TASK TO CARRY OUT
Keep the pictures out, and restate the listing that follows exactly as written.

──────── RAW DATA

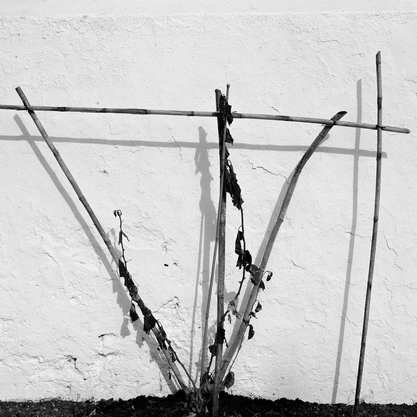 Fotografía digital que se encuadra dentro de la colección "Contra el muro", en la que se hace una crítica a la desnaturalización que se hace de la vegetación al hacerla crecer junto a estructuras artificiales tales como muros, impidiendo su total desarrollo y esplendor,
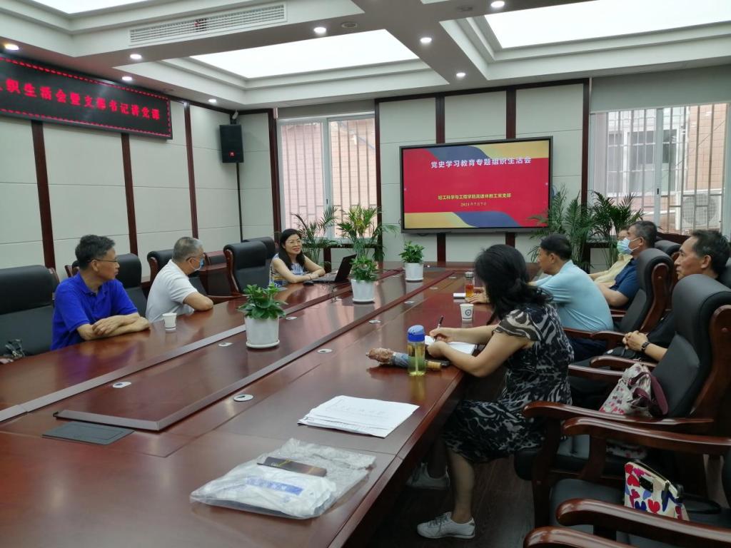 2021年7月7日下午,离退休教工党支部在纺工附楼205会议室,召开党史学习教育专题组织生活会。
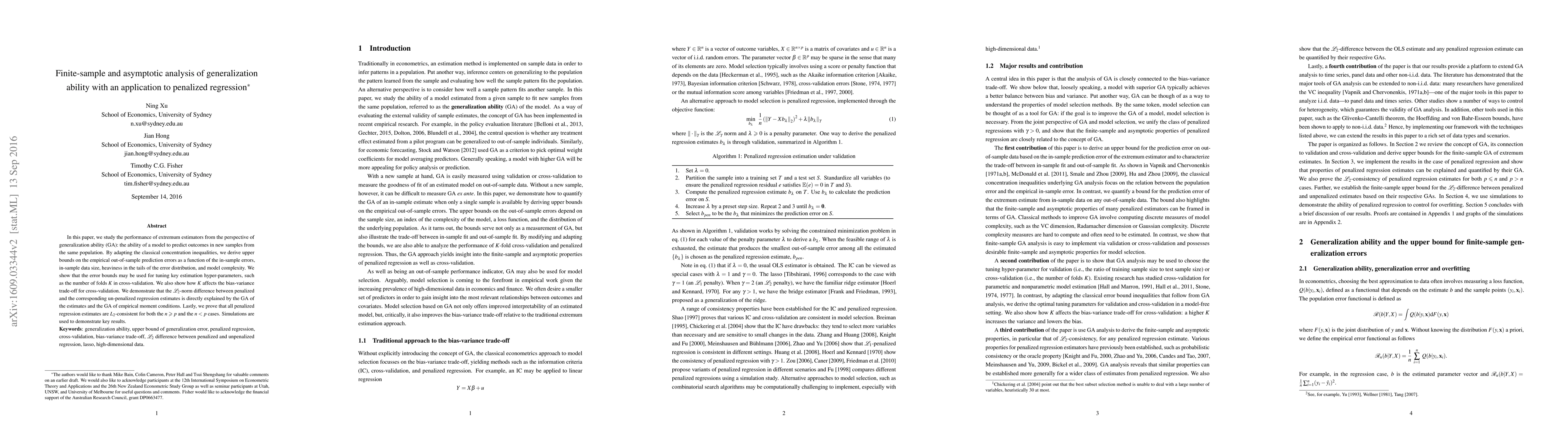 In this paper, we study the performance of extremum estimators from the perspective of generalization ability (GA): the ability of a model to predict outcomes in new samples from the same population. By adapting the classical concentration inequalities, we derive upper bounds on the empirical out-of-sample prediction errors as a function of the in-sample errors, in-sample data size, heaviness in the tails of the error distribution, and model complexity. We show that the error bounds may be used for tuning key estimation hyper-parameters, such as the number of folds $K$ in cross-validation. We also show how $K$ affects the bias-variance trade-off for cross-validation. We demonstrate that the $\mathcal{L}_2$-norm difference between penalized and the corresponding un-penalized regression estimates is directly explained by the GA of the estimates and the GA of empirical moment conditions. Lastly, we prove that all penalized regression estimates are $L_2$-consistent for both the $n \geqslant p$ and the $n < p$ cases. Simulations are used to demonstrate key results. Keywords: generalization ability, upper bound of generalization error, penalized regression, cross-validation, bias-variance trade-off, $\mathcal{L}_2$ difference between penalized and unpenalized regression, lasso, high-dimensional data.

────────────────

EXPECTED OUTPUT
 Fotografía digital que se encuadra dentro de la colección "Contra el muro", en la que se hace una crítica a la desnaturalización que se hace de la vegetación al hacerla crecer junto a estructuras artificiales tales como muros, impidiendo su total desarrollo y esplendor,
 2021年7月7日下午,离退休教工党支部在纺工附楼205会议室,召开党史学习教育专题组织生活会。
 In this paper, we study the performance of extremum estimators from the perspective of generalization ability (GA): the ability of a model to predict outcomes in new samples from the same population. By adapting the classical concentration inequalities, we derive upper bounds on the empirical out-of-sample prediction errors as a function of the in-sample errors, in-sample data size, heaviness in the tails of the error distribution, and model complexity. We show that the error bounds may be used for tuning key estimation hyper-parameters, such as the number of folds $K$ in cross-validation. We also show how $K$ affects the bias-variance trade-off for cross-validation. We demonstrate that the $\mathcal{L}_2$-norm difference between penalized and the corresponding un-penalized regression estimates is directly explained by the GA of the estimates and the GA of empirical moment conditions. Lastly, we prove that all penalized regression estimates are $L_2$-consistent for both the $n \geqslant p$ and the $n < p$ cases. Simulations are used to demonstrate key results. Keywords: generalization ability, upper bound of generalization error, penalized regression, cross-validation, bias-variance trade-off, $\mathcal{L}_2$ difference between penalized and unpenalized regression, lasso, high-dimensional data.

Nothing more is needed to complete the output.